I've not been able to get --patterns to work with --highlight-chars though. i.e. in the case above I want to match the sequence 'A','H','U' to the label AHU. I tried a few options but none work - i.e.

{"label": "AHU", "pattern": "AHU"}
{"label": "AHU", "pattern": [{"lower": "a"},{"lower": "h"},{"lower": "u"}]}

Do I need to create character tokens for this to work?

Also I have a large number of tags, I need to figure out how to manage this but the immediate issue is Prodigy isn't actually showing the text to annotate once the number of tags exceeds some value so I cannot use it at all. Is there any way of customising the annotation screen - I think I need the ability to apply some filters?

Ah, sorry if I phrased this in a confusing way! Since you mentioned that your goal is to create BIO-formatted annotations, I'm assuming your goal is to train a model later on, right? So at the end of the day, you need some kind of process that runs during annotation and at runtime, takes the raw text and splits it into tokens that can be labelled with I/O/B. That could be word pieces, characters (although that's maybe less efficient) or any other segments.

You can do character-based highlighting during annotation and highlight "A" in "AB-CD" – but if you tokenizer splits that string into ["AB", "-", "CD"], your model won't be able to learn anything useful and it won't be able to predict B-SOME_LABEL for "A".

Ah, that's kind of an edge case at the moment that doesn't work for characters! But you could implement your own pre-highlighting, which should be straightforward in your case since you're matching single characters and can use simple regular expressions. Under the hood, pattern matches are just "spans" that are added to the incoming examples – so for each sequence, you can add a span with "start", "end" and "label", and it will be pre-highlighted in the UI.

How many labels do you have? And do you have many labels where the sequence of characters maps to the label? Like "AHU"AHU? It seems like that could just be one single label that you apply to all of these spans?

As a rule of thumb, if you have so many labels that it becomes a pain to manage them, it's typically a sign that you can simplify and revise your label scheme to make the problem easier to train and eaiser to annotate. But it really depends on the specifics of waht you want to train and how you're postprocessing the annotations for training. (I'm assuming the goal isn't to actually train, say, an NER model with all the labels and have it predict "AHU" → AHU, which would likely be very inefficient.)

Hi Ines,

I have several hundred labels (tags as they're known in application field). I'm trying to convert sensor names where the name has been assigned by a human with limited characters to a set of tags from a standard ontology. It's bascically a parser - the complexity is I have to extract named entities out of the text as well as generate a set of tags.

So I might have "NAE45-1/FC-1.AHU 1.SAF-C" Which translated to AHU ID:1 SUPPLY AIR FLOW COMMAND. Regex can help but the abbreviations aren't consistent and there's thousands to test.

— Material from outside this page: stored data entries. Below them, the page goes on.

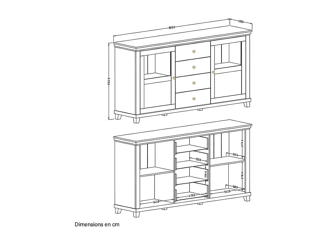 Buffet 2 portes 4 tiroirs Martin Vert et Bois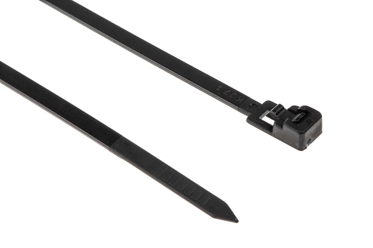 This is Black Nylon Releasable Cable Tie 150mm x 4.5 mm manufactured by RS Pro. The manufacturer part number is 811-1805. The product has a flame retardant fire behaviour. Whereas, the minimum operating temperature of the product is -40°c. It has a maximum operating temperature of +85°c. It has a decent black colour. The product is made from highly stable and reliable nylon 66. The product has an added tensile strength of 215.6n. It has a UV resistant feature no . Furthermore, the product is 4.5 mm wide. Its accurate length is 150mm. The bundle has a maximum diameter of 35mm. It comes in releasable configuration. Available in 100 quantity.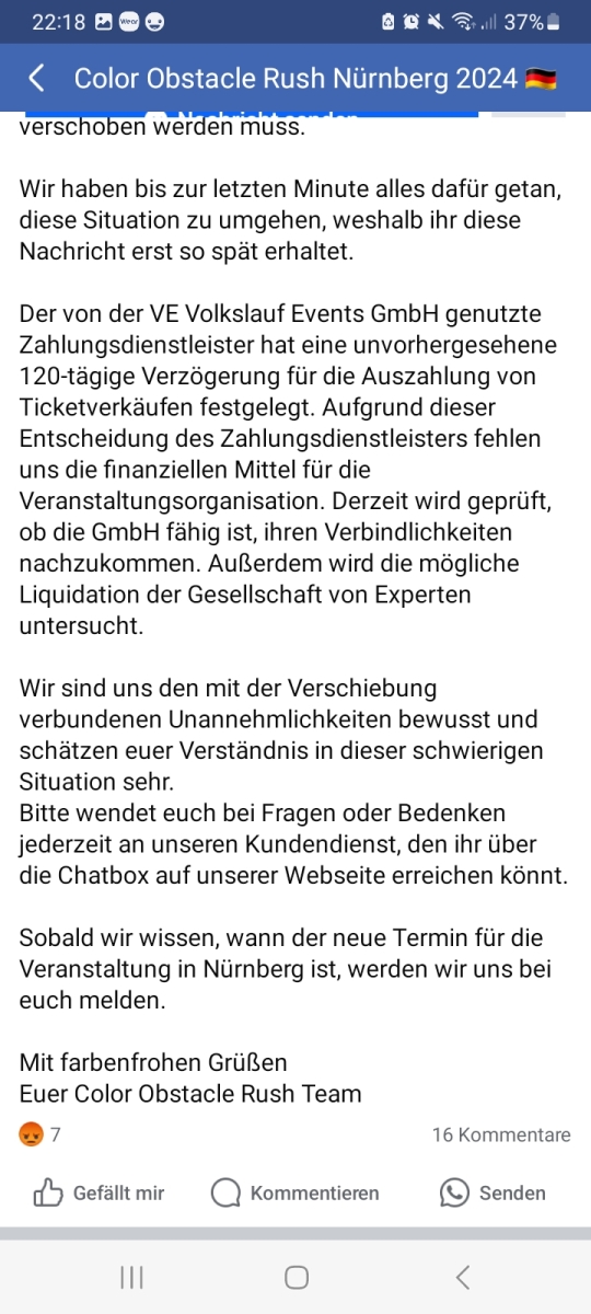 ACHTUNG - wir empfehlen ausdrücklich keine Buchungen bei diesem Veranstalter (VE Volkslauf Events GmbH) vorzunehmen:
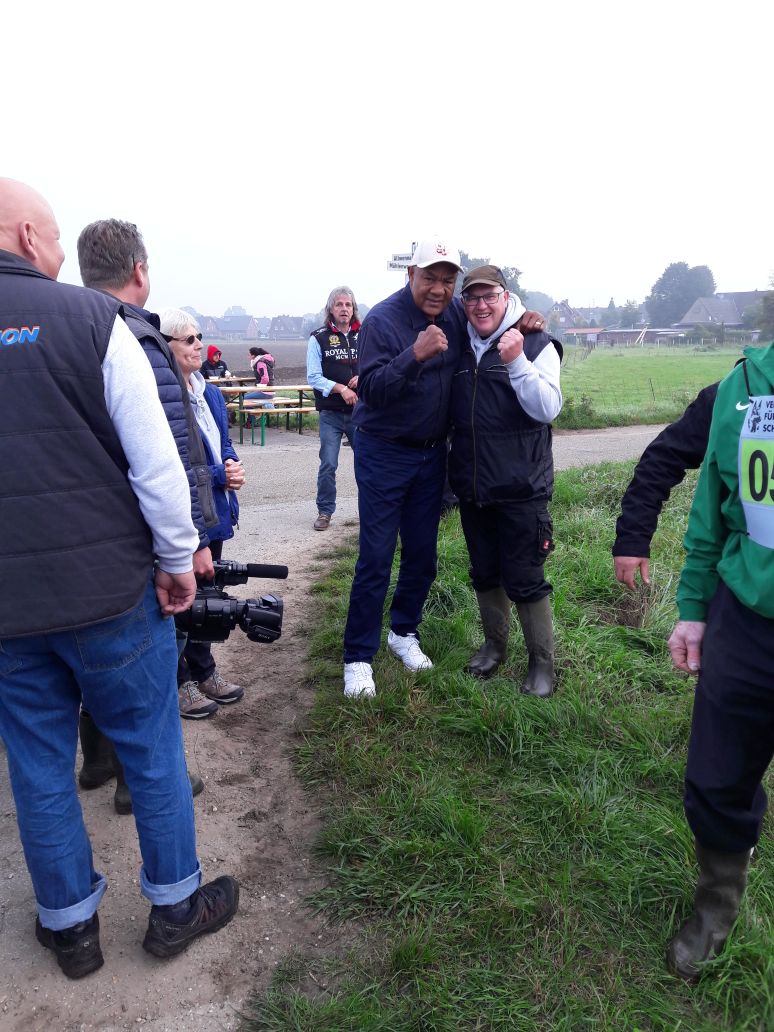 Unser Vereinsvorsitzender Thomas Boxhammer hat auf der BSP 2017 das Fährtenteam als Fährtenleger unterstützt. Im Fährtengelände traf er den ehemaligen US-Profi-Boxer George Foreman, der ein auch ein großer Schäferhundfreund ist.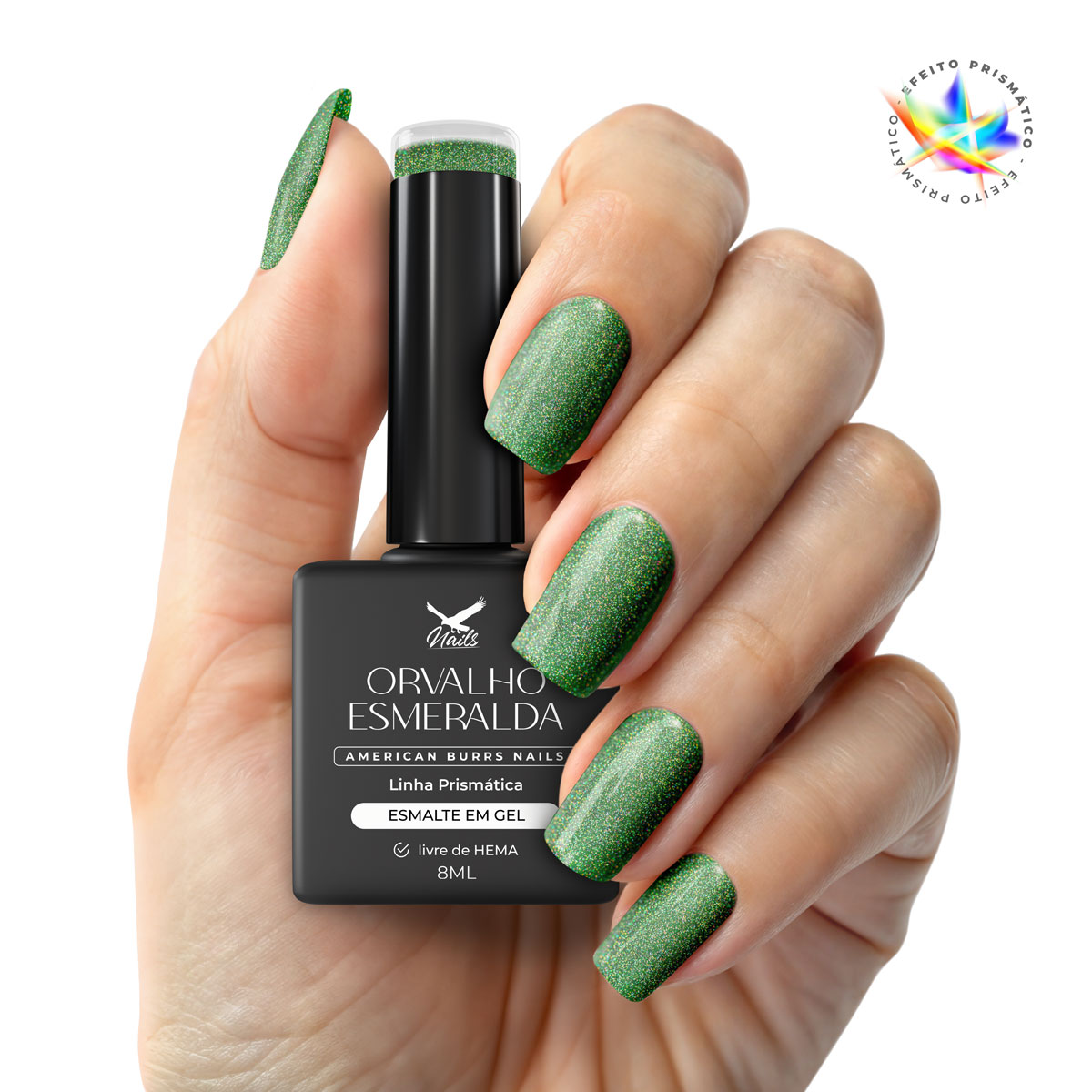 Orvalho Esmeralda: Verde esmeralda refrescante com partículas prismáticas, evocando um visual luxuoso e natural.

The way this has been approached in the past is to use a CRF decoder with BIO tagging then a second MLP to map to the final representation, so I'm hoping to replciate that. It's been shown to be much more accurate than a hand crafted parser. The main reason I think that the BIO tagging is used is to extract the named entities. I'm considering an alternative approach where I use seq2seq to map the input chars to "AHU SUPPLY AIR FLOW COMMAND" and a seperate NER model to extract the entitity name("1") which could be easier to annotate. Plus I've found a couple of seq2seq papers which use a "copy" to extract literal text from the input sequence if required so that might help.

I guess you could categorise the problem as machine translation, from one language using character tokens to another using work tokens, where the annotator must supply the translations?